Sunday, January 13, 2013

Our house, in the middle of our street

A lot of responsibility comes with growing up. You have to buy your own food, pay your own bills, wash your own laundry, and *GASP* get a job. As kids, we often look forward to being a grown-up, as we believe it will give us more freedom. And it does give us more freedom, in a way. The thing is, when we're kids, we have time and energy, but no freedom. When seniors, we have time and freedom, but no energy. And when adults, we have energy and freedom, but no time. It's quite the dilemma.

And I'm trying to not rush into adulthood. But I've been contemplating taking on one huge part of growing up. That is to buy a house.

I know, it kind of sounds ridiculous.
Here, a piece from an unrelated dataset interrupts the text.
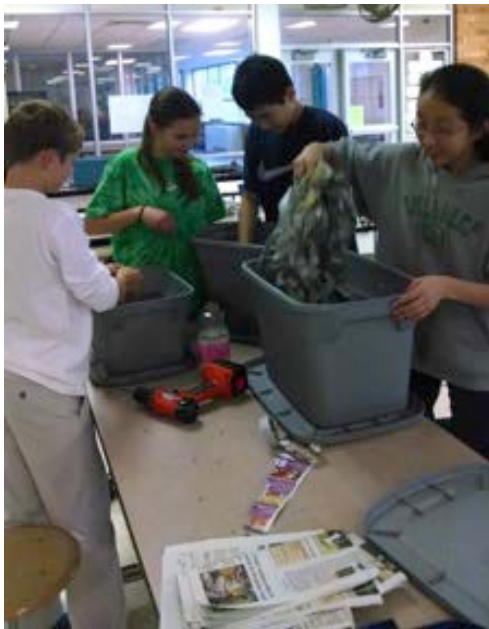
Students making worm-compost bins.

All elementary schools maintain an environmental focus as tailored to meet curricular components that span all grade levels. Topical examples include: 1st grade "Needs of Living Organisms", 3rd grade "Plant Growth and Development", and 5th grade "Ecosystems/Living Systems." All middle school students are exposed to meaningful, real-world connections to instructional standards that focus on: Human impact on atmosphere/climate (grade 7) and hydrology (grade 8). High School Environmental Science and Health

But hey, it's the American dream. And it's largely achievable. 

I've got it all figured. I'll need to find another job, which is okay, I waste a lot of my time as it is anyway. Once I get that, I can cover all the needed expenses: utilities, taxes, insurance, and of course the mortgage payments. 

Sure, the house is nowhere near perfect. It needs a little tlc. But I'm okay with that. It's  just another aspect I'm excited for. To get my hands dirty, do some real work, build some muscle by working hard; I'd love to do that. I could get good experience at fixing stuff, along with the budget balancing I'm going to have to do.

So while it's not looking likely, I'm still really looking forward to this. The house I found is out in the country, which is one of my life goals. I've always loved the country, as my grandparents used to own a farm and live out there by it. I loved going there, with it's quiet and dark nights. In the cities, we have so much light and noise pollution. But in the country, you can hear the world and see the stars. I just love it. So I'll keep optimistic and cross my fingers, hoping to cross this thing off my bucket list.